Experimental Type Inferencer -- My misinterpretations of life -- Michael Lucas-Smith

2009-03-21

RoelTyper lives in public store. It's aging a little now - I'm not sure it loads cleanly in to the system. It was a very interesting experiment by Roel which uses the bytecode to analyze the instance variables in the system to infer their types. One of the biggest problems with type inferencers is that they're usually very slow. Roel's approach was not slow, however it only analyzed instance variables.

Because it only analyzed instance variables, it had some unwanted side effects - you couldn't tell what the return value of a method was or the types of method arguments and temporary variables. Many instance variables remained unknown because only direct messages sent to the instance variables were analyzed.

So I wondered, what if we used the same technique but we expanded the scope to record messages sent to messages, the last thing sent from a message, etc - so I ended up with three pieces of information: types, constraints and equivalences.

Types is obvious, if you assign a variable or return a constant, then we know the class immediately. Constraints is interesting because it lets us infer a type by finding classes that implement all messages sent to a "thing" - and by thing I mean another selector or a variable. Equivalences happen when a variable is assigned to something, we now know the variable is the same type as the type of that something else. The same goes for returning from a method: if a variable is returned, the methods type is equivalent to the variable and likewise with selectors, the last selector sent from a methods type is equivalent to the methods type.
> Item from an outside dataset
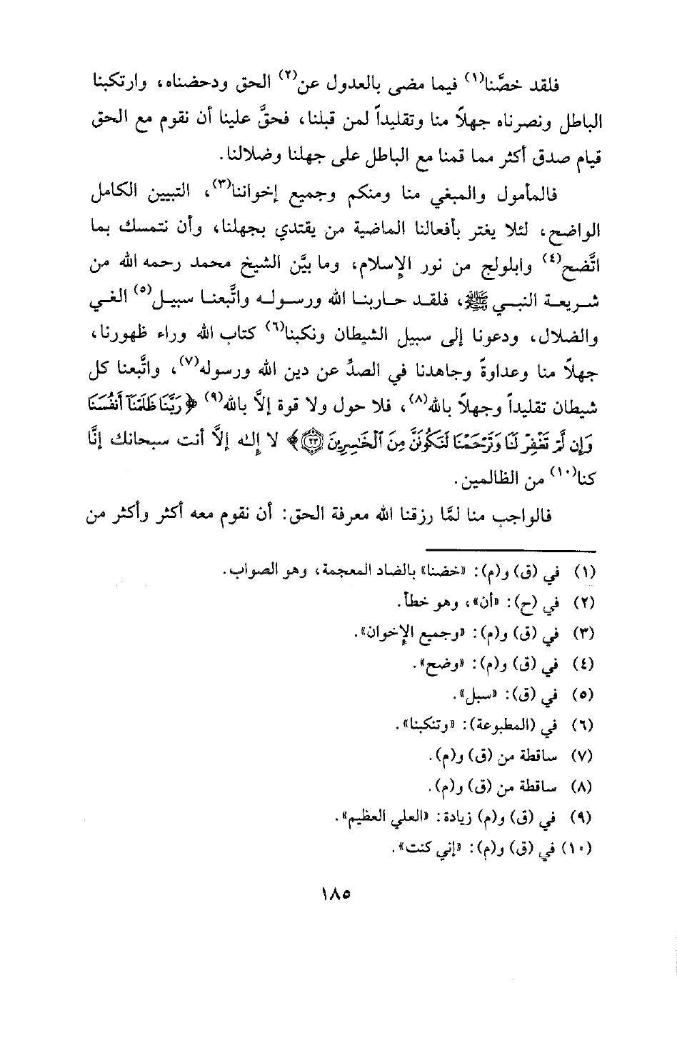 فلقد خصنا (¬1) فيما مضى بالعدول عن (¬2) الحق ودحضناه، وارتكبنا الباطل ونصرناه جهلا منا وتقليدا لمن قبلنا، فحق علينا أن نقوم مع الحق قيام صدق أكثر مما قمنا مع الباطل على جهلنا وضلالنا. فالمأمول والمبغي منا ومنكم وجميع إخواننا (¬3) التبيين الكامل الواضح، لئلا يغتر بأفعالنا الماضية من يقتدي بجهلنا، وأن نتمسك بما اتضح (¬4) وابلولج من نور الإسلام، وما بين الشيخ محمد رحمه الله من شريعة النبي صلى الله عليه وسلم، فلقد حاربنا الله ورسوله واتبعنا سبيل (¬5) الغي والضلال، ودعونا إلى سبيل الشيطان ونكبنا (¬6) كتاب الله وراء ظهورنا، جهلا منا وعداوة وجاهدنا في الصد عن دين الله ورسوله (¬7) واتبعنا كل شيطان تقليدا وجهلا بالله (¬8) فلا حول ولا قوة إلا بالله (¬9) {رَبَّنَا ظَلَمْنَا أَنْفُسَنَا وَإِنْ لَمْ تَغْفِرْ لَنَا وَتَرْحَمْنَا لَنَكُونَنَّ مِنَ الْخَاسِرِينَ} [الأعراف: 23] لا إله إلا أنت سبحانك إنا كنا (¬10) من الظالمين. فالواجب منا لما رزقنا الله معرفة الحق: أن نقوم معه أكثر وأكثر من

The inferencer is still very fast and is giving me back some surprising results already. For instance, if we look at the method Integer>>* we can infer the type of the argument aNumber is ArithmeticValue; however it currently cannot figure out the return value of that method.

Another very interesting case is ApplicationModel>>mainWindow, and here's the code:

mainWindow
^builder isNil
    ifFalse: [builder window]
    ifTrue: [builder]

This is a remarkable pathological case. What programmer wouldn't simply return nil, given we know that builder is nil in the true branch. What happens if builder suddenly isn't nil between the isNil and the ifTrue:ifFalse: call? well you'll probably have the method return something other than a Window.

When my inferencer ran in to this particular method, it expected it would say the answer is ApplicationWindow and that's it.. but it wasn't to be fooled, it recognized that the return type of this method is the type of things that respond to #window -or- the type of the instance variable builder. The inferencer correctly returned: ApplicationWindow, UIBuilder.

I was surprised and confused until I analyzed why.. I think the next thing I need to do is to be able to explain why a type has been inferred the way it was, sort of like the New Prerequisite Engine does.

My ultimate goal here is to integrate it in to the next iteration of Searchlight, so that finding senders/implementors takes you as directly to the real method as possible.